A short litmus test, lifted and elevated from the four questions in the agents post:

  1. Can you draw the flowchart? If you can cover 95% of cases on a whiteboard, you don’t need an agent. You may not need AI at all.
  2. Must the same input produce the same output? If yes, an autonomous reasoner is the wrong tool by definition.
  3. Will anyone ever ask “why did it do that”? If an auditor or a regulator might, you need reproducibility, and reproducibility is the first thing autonomy spends.
  4. Is cost-per-run × volume a number you’d put on a slide proudly? Do the token math before, not after.
  5. Is there genuine novelty at runtime – or just the appearance of it? Agents earn their cost on real open-endedness, not on processes that merely feel sophisticated because we dressed them up.

If the answers point down the ladder, go down the ladder. The cleverness is in building the smallest thing that works, not the most autonomous thing you can justify in a roadmap review.

Agents Are Not the Problem

I want to be as fair to agents as I tried to be to each hype cycle in Déjà vu, because the easy misreading of this post is “agents bad,” and that is not the lesson.

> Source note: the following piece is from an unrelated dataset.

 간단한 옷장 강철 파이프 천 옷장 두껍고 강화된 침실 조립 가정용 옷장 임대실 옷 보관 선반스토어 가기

The F-150 has been the best-selling vehicle in America for decades, and it is a genuinely excellent truck – for hauling, for towing, for terrain that would destroy a sedan. It is also an absurd choice for a twenty-minute urban commute. The truck isn’t wrong. The match is wrong. Agents are the same. When the path is genuinely unknown, when the task demands multi-step reasoning with tool use, when you can tolerate some non-determinism in exchange for handling cases you couldn’t enumerate upfront – an agent is not just acceptable, it’s the right call, and I’ll happily help you build one.

The problem is never that agents exist. The problem is the reflex that reaches for the most autonomous, most impressive-sounding option before anyone has checked whether the problem has a track running through it. The most innovative-sounding option is not the same as the most appropriate one. It is exactly the same mistake as treating “most downloaded” as “best for your use case” – same disease, new decade, bigger invoice.

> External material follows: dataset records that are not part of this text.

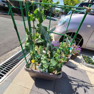 今日はキュウリの苗を植え付けました! 成長を見守りたいと思います。😀
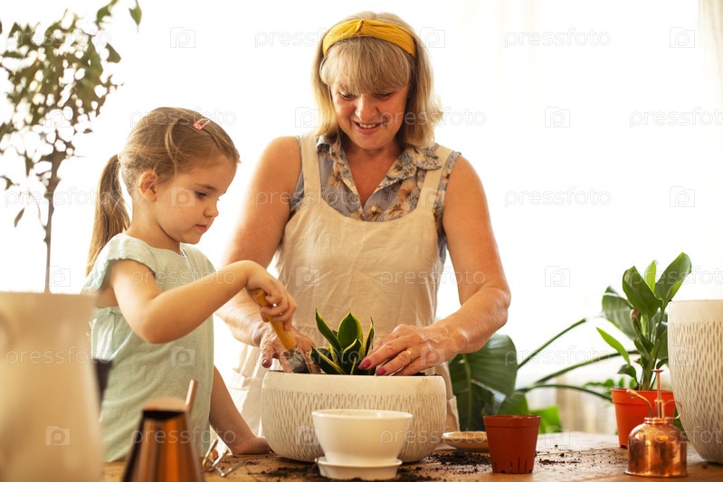 Маленькая девочка помогает бабушке ухаживать за комнатными растениями, работая вместе в домашнем саду
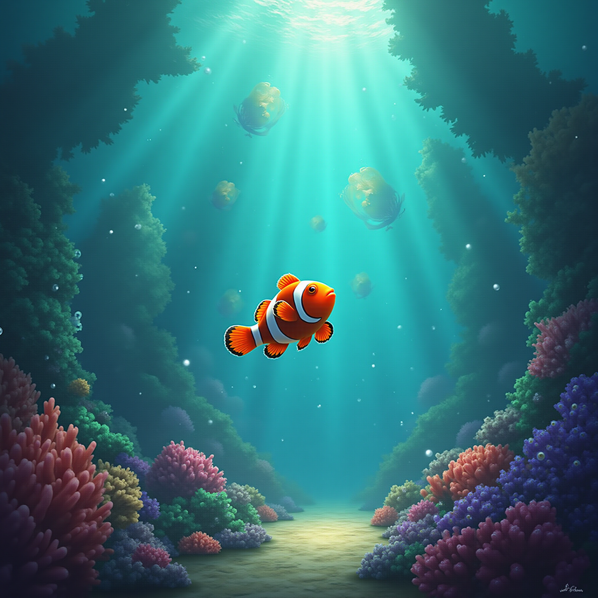 В самом сердце океана, где кораллы переливались всеми цветами радуги, жил весёлый клоун-рыбка по имени Пузырёк. Его друзьями были Искорка — медуза, обожающая танцевать; Ракушка — краб-отшельник в раковине с узорами из ракушек; Плавничок — скромный морской конёк, прятавшийся в водорослях; и старый черепах Тортул, чьи истории были длиннее океанских течений. Каждый год они праздновали Коралловый Фестиваль, когда Волшебная Жемчужина заставляла кораллы цвести яркими красками. Но в этом году Жемчужина исчезла!

The best technical decisions still start with questions, not answers. The question here is the cheapest one in the building, and almost nobody asks it: does this process have rails? Because if it does, the last thing you want is a driver with opinions.

Build the agent when, like in Doc Brown from Back to the Future, where there are no roads…

When you’re standing on a track, build the train.

Somewhere along the way, we’ve drifted from the KISS principle: “Keep it simple, stupid.” It’s a mindset coined by Kelly Johnson, a lead engineer, at the Lockheed Skunk Works. Following this principal, the simplest solution is restraint – not everything needs an agent.